(Records from a data collection)
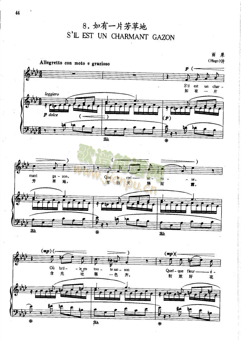 [其他乐谱]如有一片芳草地(钢伴) 歌曲类 钢琴伴奏谱 李斯特
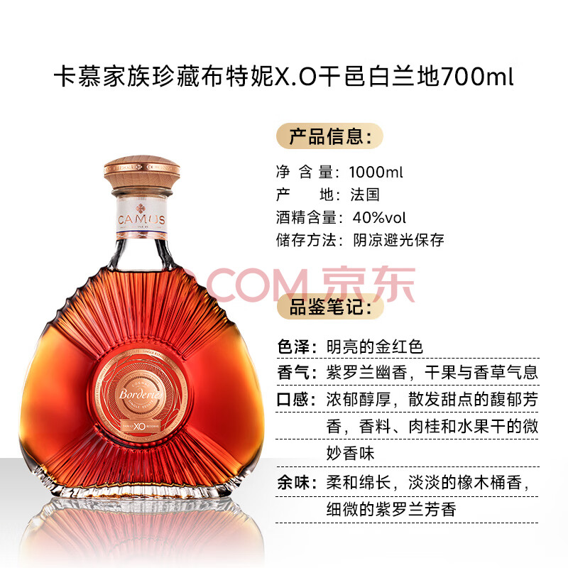 商品相册:卡慕(CAMUS) 家族珍藏布特妮XO 单一庄园 干邑白兰地洋酒700ml 进口洋酒第
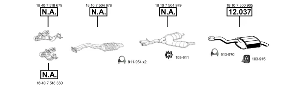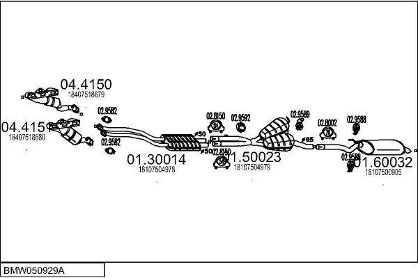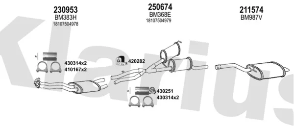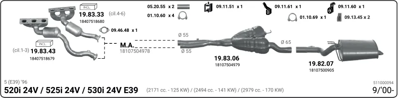BMW 5 (E39) 525 i - Výfukový systém - kompletní od 9/2000 do 6/2003, 2494 ccm, 141 kW, 192 hp, M54 B25 (256S5), limuzína
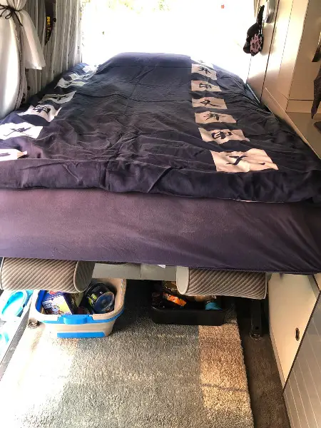 - Liegefläche Bett (Innensitze nach-vorn Umklappprinzip) : 120x200 (für 1-2 Personen) , «Tempur»-Matratze und Bett-Auflage
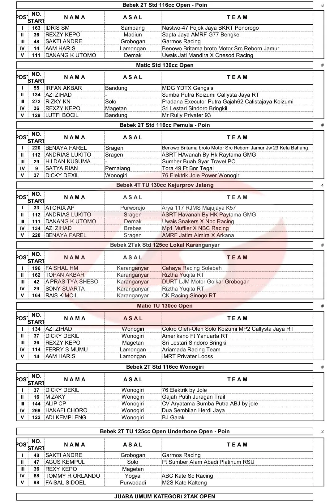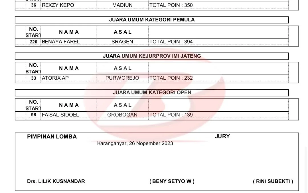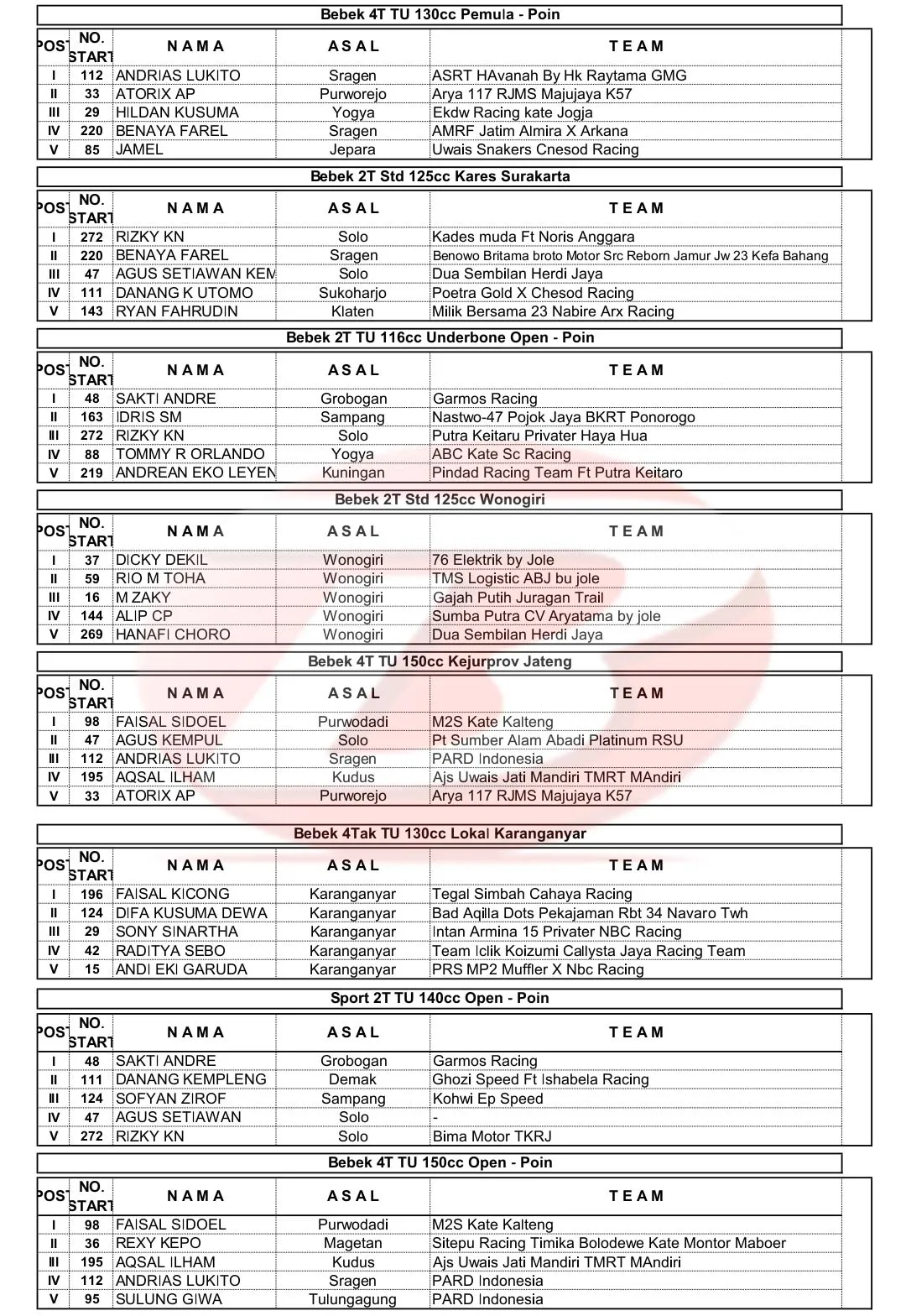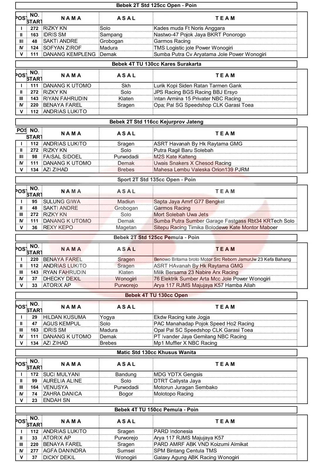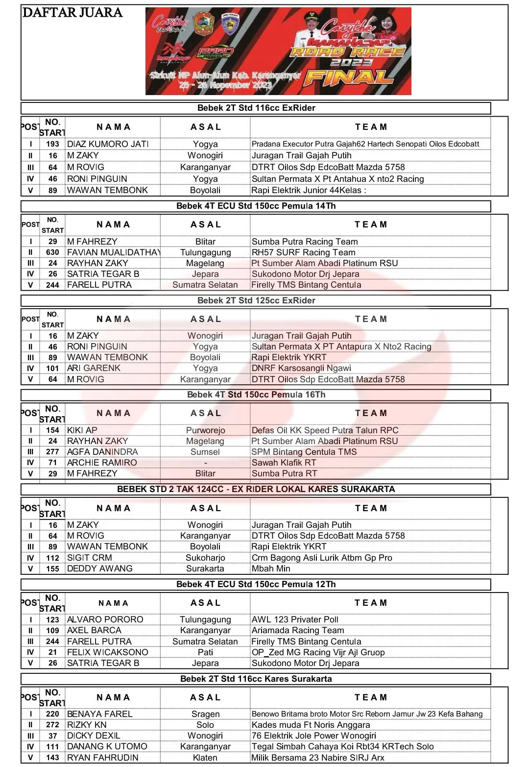 BalapMotor.Net – Berikut merupakan hasil lengkap Grand Final Kejurprov Jateng Casytha Manahadap Road race 2023 yang berlangsung di sirkuit NP. Alun-alun Karanganyar, Jawa Tengah pada 25-26 November 2023. (***)

• [TASK BRIEF]:
Reproduce every entry word for word, but omit the pictures.

• [TASK RESPONSE]:
 [其他乐谱]如有一片芳草地(钢伴) 歌曲类 钢琴伴奏谱 李斯特
 商品相册:卡慕(CAMUS) 家族珍藏布特妮XO 单一庄园 干邑白兰地洋酒700ml 进口洋酒第
BMW 5 (E39) 525 i - Výfukový systém - kompletní od 9/2000 do 6/2003, 2494 ccm, 141 kW, 192 hp, M54 B25 (256S5), limuzína
 - Liegefläche Bett (Innensitze nach-vorn Umklappprinzip) : 120x200 (für 1-2 Personen) , «Tempur»-Matratze und Bett-Auflage
 BalapMotor.Net – Berikut merupakan hasil lengkap Grand Final Kejurprov Jateng Casytha Manahadap Road race 2023 yang berlangsung di sirkuit NP. Alun-alun Karanganyar, Jawa Tengah pada 25-26 November 2023. (***)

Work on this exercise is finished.